■ **DIRECTIONS**: Please restate the records that follow word for word, omitting any images.

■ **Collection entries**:
==========

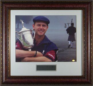 He won eleven Tour events, including the 1989 PGA Championship and the U.S. Open in 1991 and 1999. He was a two-time winner of the Hassan II Trophy in Morocco. At the time of his death, he was ranked third on the all-time money list and in the top 10 of the Official World Golf Rankings—he had been ranked in the top 10 for almost 250 weeks, from 1986 to 1993 and again in 1999. This is an Unsigned 11X14 Tribute photograph featuring Payne Stewart hugging his 1999 US Open Trophy with bag piper in the distance. Custom Leather Framed and Matted.
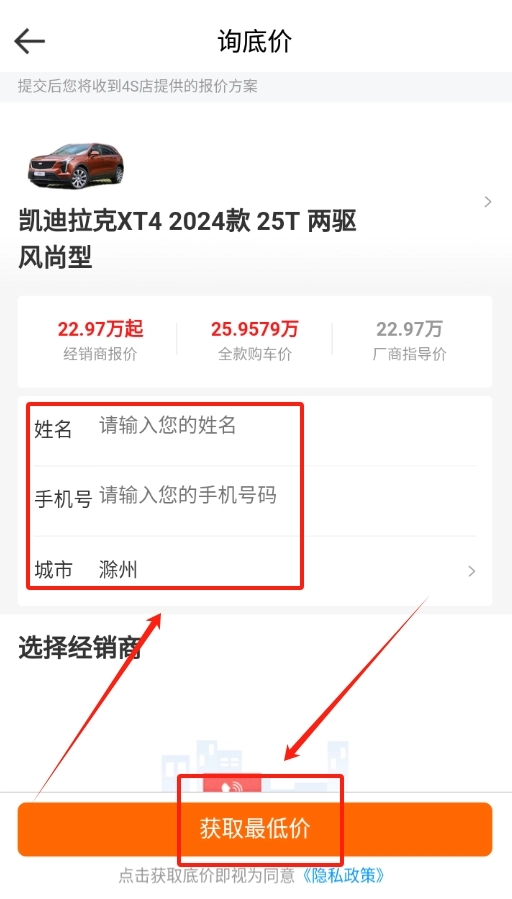 3、依次填写自己的姓名、手机号以及所在城市,仔细确认这些信息无误后,点击 “获取低价” 按钮,随后等待消息即可。
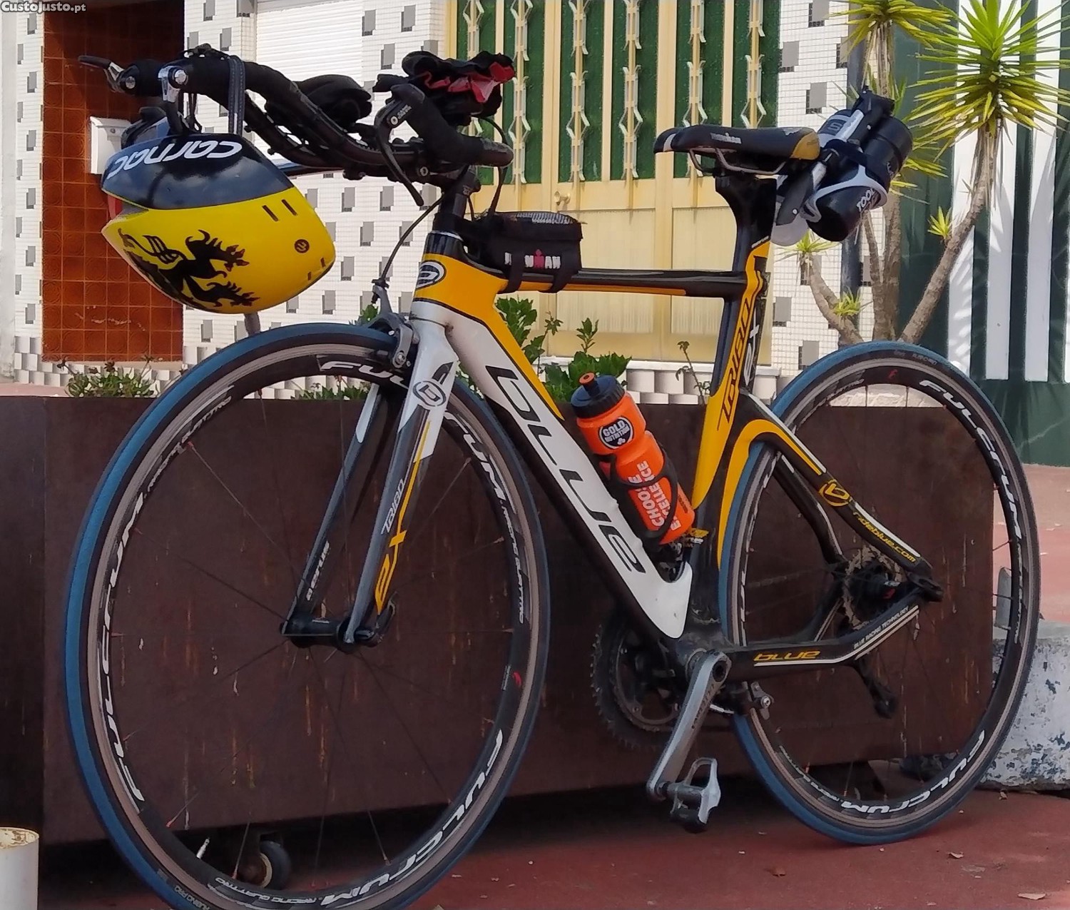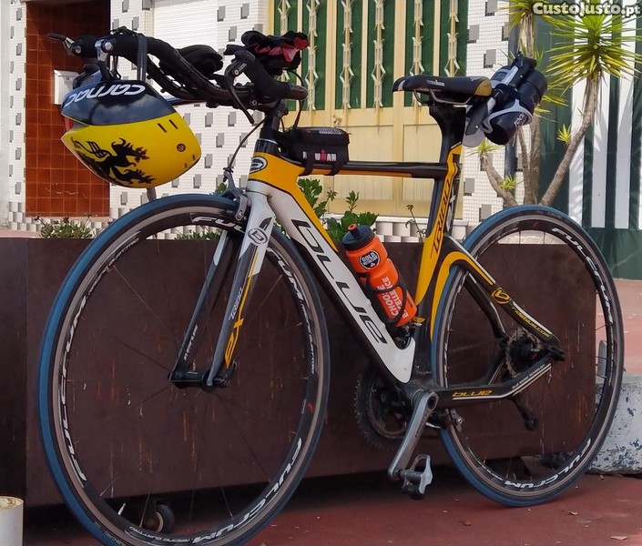 Bicicleta de Contrarrelógio da marca Blue, modelo Triad Ex totalmente em carbono, utilizada apenas em 2 provas da distância Ironman e 2 Half Ironman.
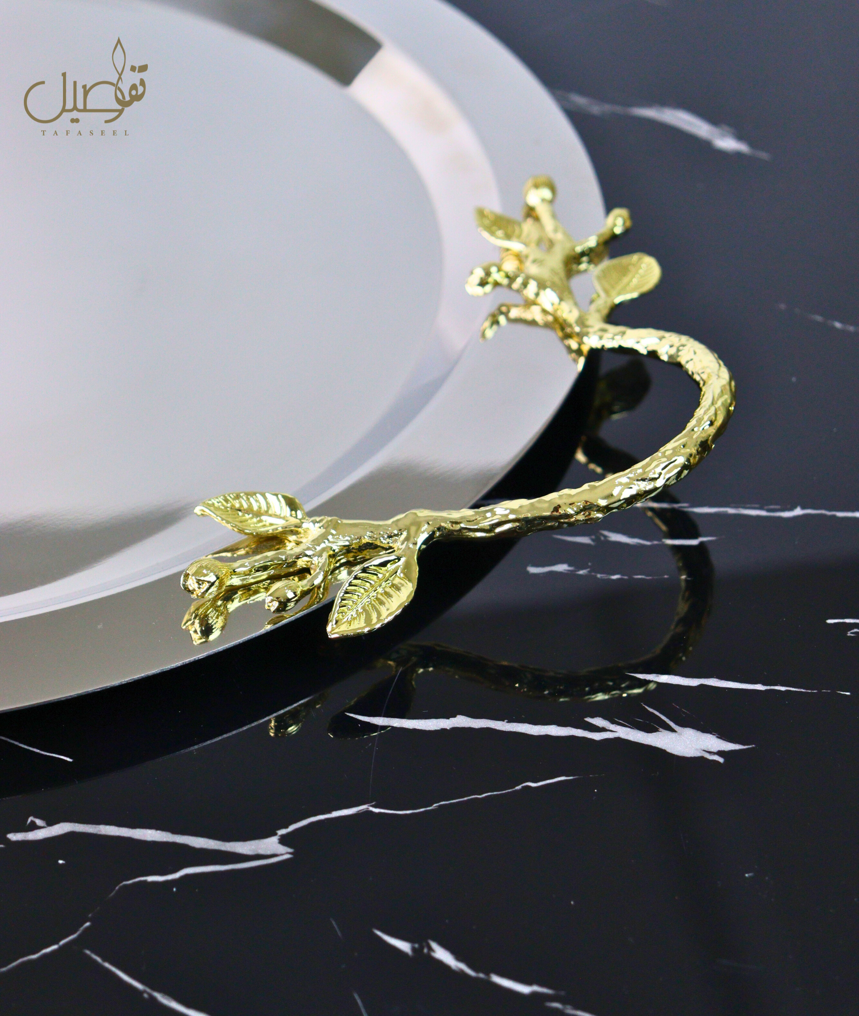 - Coins Brodés : Ajoutez une touche d'élégance à votre service . ce magnifique plateau de service en argent avec des poignées dorées.
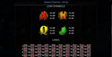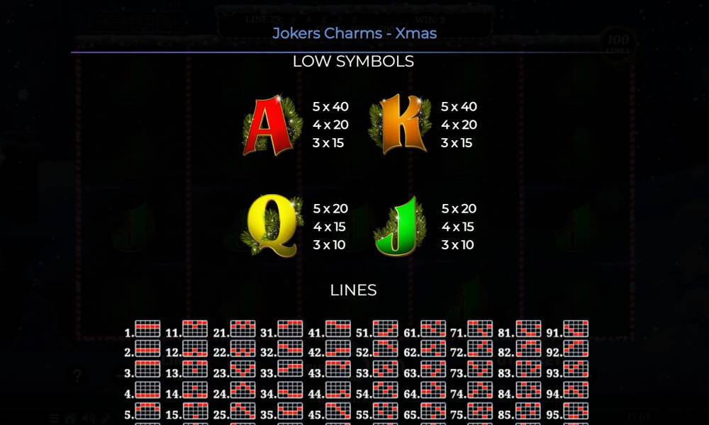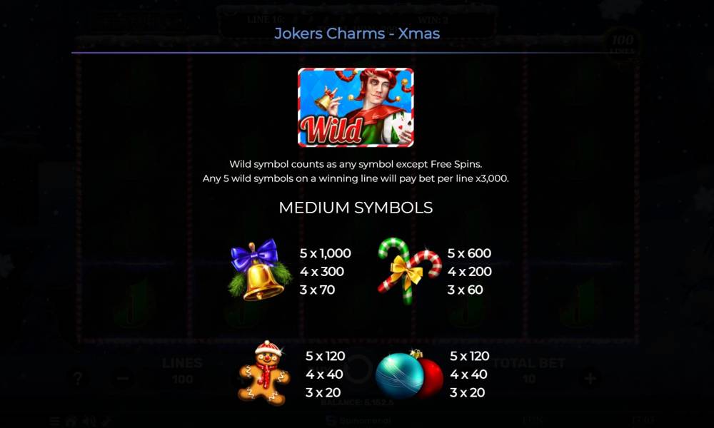 Joker’s Charms – Xmas имеет игровое поле формата 5x4 и позволяет пользователю самостоятельно выбирать количество активных линий выплат – от 10 до 100. В игре представлены 8 стандартных и 2 специальных символа. Выигрышные комбинации формируются при совпадении минимум трех одинаковых значков подряд, начиная с левого края (также с помощью символа Wild). Фриспины запускают бонусный режим, где в каждом раунде на барабанах гарантированно появляется хотя бы один Stacked Wild, что значительно повышает шансы на составление выигрышной комбинации. Диапазон ставок варьируется от 0.1 до 1000 евро за спин. Важно учитывать, что увеличение числа активных линий автоматически повышает сумму ставки!
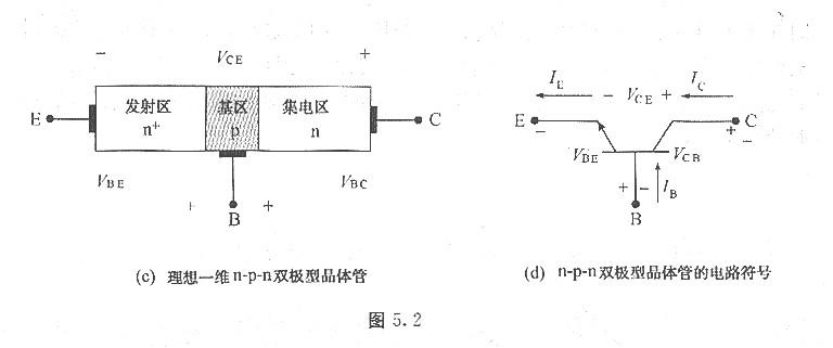 n-p-n雙極型晶體管的結(jié)構(gòu)與p-n-p雙極型晶體管是互補(bǔ)的,圖5.2(c)與圖5.2(d)分別是理想p-n-p晶體管的結(jié)構(gòu)與電路符號。將p-n-p雙極型晶體管結(jié)構(gòu)中的p換成n、n換成p,即為n- p-n雙極型晶體管的結(jié)構(gòu),因此電流方向與電壓極性也都相反.在下一小節(jié)中,我們將仔細(xì)討論p-n-p雙極型晶體管,因?yàn)槠渖贁?shù)載流子(空穴)的流動(dòng)方向與電流方向相同,可更直觀地了解電荷運(yùn)動(dòng)的機(jī)制,只要了解了p- n-p晶體管,我們只要將極性和摻雜類型調(diào)換,即可描述n-p-n晶體管

==========

■ **ANSWER FOR THE TASK**:
 He won eleven Tour events, including the 1989 PGA Championship and the U.S. Open in 1991 and 1999. He was a two-time winner of the Hassan II Trophy in Morocco. At the time of his death, he was ranked third on the all-time money list and in the top 10 of the Official World Golf Rankings—he had been ranked in the top 10 for almost 250 weeks, from 1986 to 1993 and again in 1999. This is an Unsigned 11X14 Tribute photograph featuring Payne Stewart hugging his 1999 US Open Trophy with bag piper in the distance. Custom Leather Framed and Matted.
 3、依次填写自己的姓名、手机号以及所在城市,仔细确认这些信息无误后,点击 “获取低价” 按钮,随后等待消息即可。
 Bicicleta de Contrarrelógio da marca Blue, modelo Triad Ex totalmente em carbono, utilizada apenas em 2 provas da distância Ironman e 2 Half Ironman.
 - Coins Brodés : Ajoutez une touche d'élégance à votre service . ce magnifique plateau de service en argent avec des poignées dorées.
 Joker’s Charms – Xmas имеет игровое поле формата 5x4 и позволяет пользователю самостоятельно выбирать количество активных линий выплат – от 10 до 100. В игре представлены 8 стандартных и 2 специальных символа. Выигрышные комбинации формируются при совпадении минимум трех одинаковых значков подряд, начиная с левого края (также с помощью символа Wild). Фриспины запускают бонусный режим, где в каждом раунде на барабанах гарантированно появляется хотя бы один Stacked Wild, что значительно повышает шансы на составление выигрышной комбинации. Диапазон ставок варьируется от 0.1 до 1000 евро за спин. Важно учитывать, что увеличение числа активных линий автоматически повышает сумму ставки!
 n-p-n雙極型晶體管的結(jié)構(gòu)與p-n-p雙極型晶體管是互補(bǔ)的,圖5.2(c)與圖5.2(d)分別是理想p-n-p晶體管的結(jié)構(gòu)與電路符號。將p-n-p雙極型晶體管結(jié)構(gòu)中的p換成n、n換成p,即為n- p-n雙極型晶體管的結(jié)構(gòu),因此電流方向與電壓極性也都相反.在下一小節(jié)中,我們將仔細(xì)討論p-n-p雙極型晶體管,因?yàn)槠渖贁?shù)載流子(空穴)的流動(dòng)方向與電流方向相同,可更直觀地了解電荷運(yùn)動(dòng)的機(jī)制,只要了解了p- n-p晶體管,我們只要將極性和摻雜類型調(diào)換,即可描述n-p-n晶體管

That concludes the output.